Everything from the opening line of the records below up to and including the line containing "[ 3. 프로젝트 우클릭" should be retyped exactly, minus the pictures.

[Opening Data to examine section]

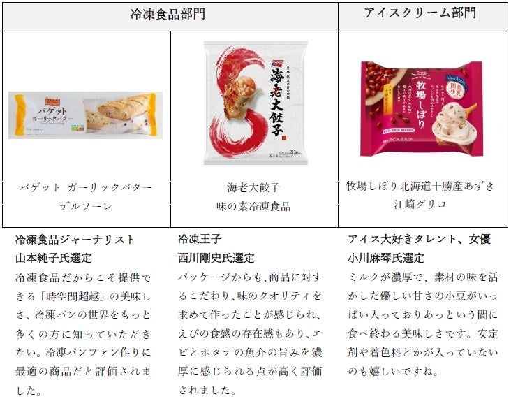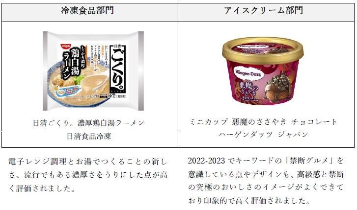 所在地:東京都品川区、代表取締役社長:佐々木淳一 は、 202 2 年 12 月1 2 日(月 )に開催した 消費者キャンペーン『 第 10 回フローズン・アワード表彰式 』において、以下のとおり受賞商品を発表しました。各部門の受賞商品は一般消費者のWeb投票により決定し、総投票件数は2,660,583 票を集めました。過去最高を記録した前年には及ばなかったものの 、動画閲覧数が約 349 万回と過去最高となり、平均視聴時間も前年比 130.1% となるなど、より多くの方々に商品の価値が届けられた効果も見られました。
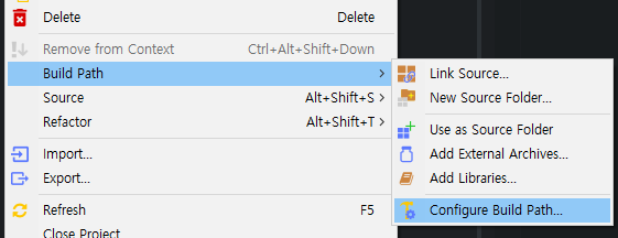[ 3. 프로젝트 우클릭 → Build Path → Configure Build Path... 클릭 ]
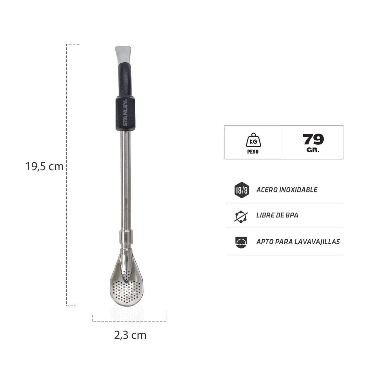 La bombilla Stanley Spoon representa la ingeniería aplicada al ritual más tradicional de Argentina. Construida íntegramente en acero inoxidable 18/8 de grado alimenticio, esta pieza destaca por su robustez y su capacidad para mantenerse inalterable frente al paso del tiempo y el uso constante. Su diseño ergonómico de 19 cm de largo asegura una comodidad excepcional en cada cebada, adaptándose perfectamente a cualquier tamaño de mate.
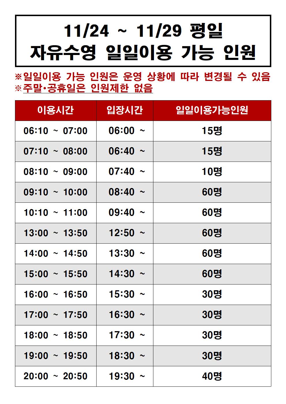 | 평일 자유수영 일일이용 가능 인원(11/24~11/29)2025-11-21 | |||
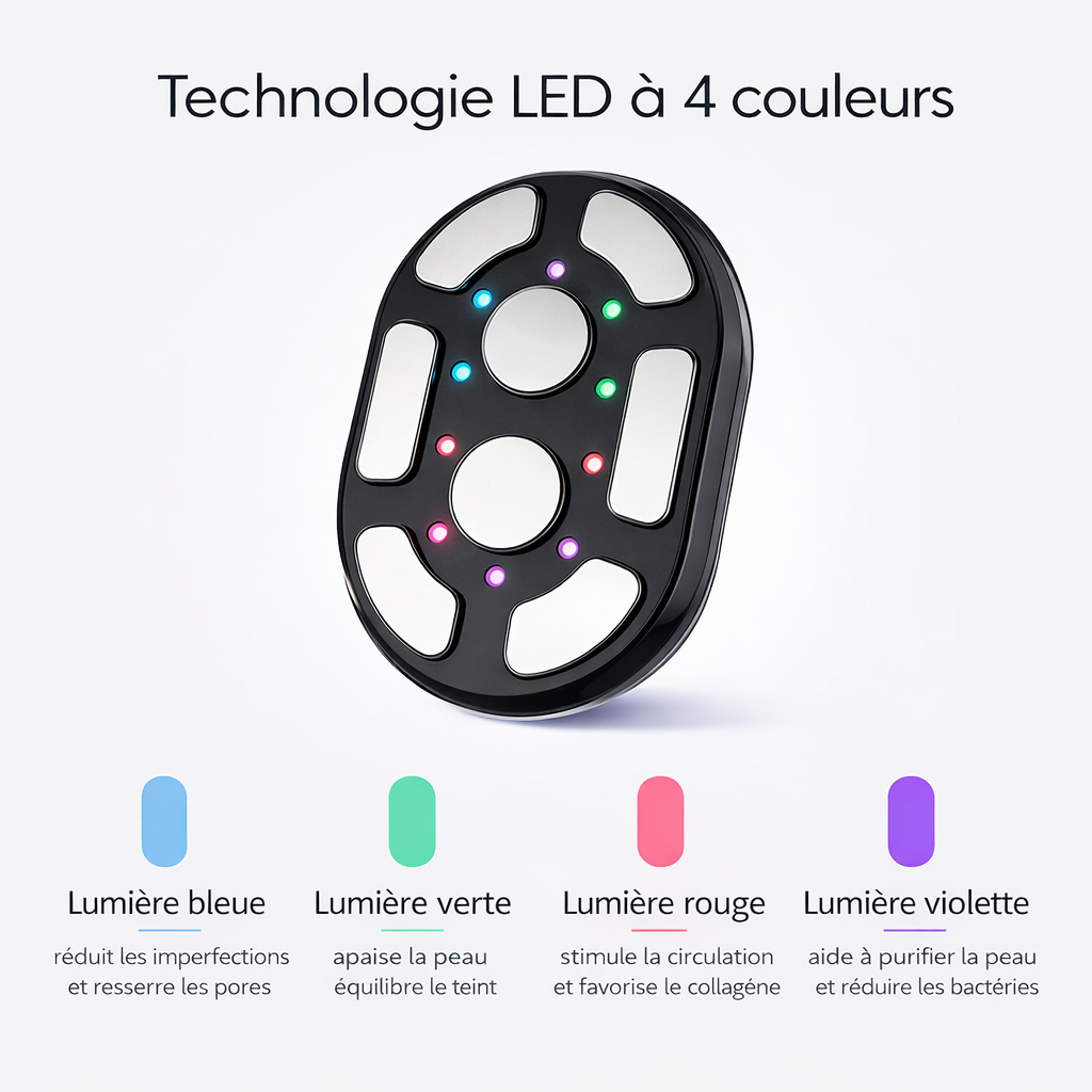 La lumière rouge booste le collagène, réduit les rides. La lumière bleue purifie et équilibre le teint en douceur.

[Closing Data to examine section]

#### [Final answer]
 所在地:東京都品川区、代表取締役社長:佐々木淳一 は、 202 2 年 12 月1 2 日(月 )に開催した 消費者キャンペーン『 第 10 回フローズン・アワード表彰式 』において、以下のとおり受賞商品を発表しました。各部門の受賞商品は一般消費者のWeb投票により決定し、総投票件数は2,660,583 票を集めました。過去最高を記録した前年には及ばなかったものの 、動画閲覧数が約 349 万回と過去最高となり、平均視聴時間も前年比 130.1% となるなど、より多くの方々に商品の価値が届けられた効果も見られました。
[ 3. 프로젝트 우클릭 → Build Path → Configure Build Path... 클릭 ]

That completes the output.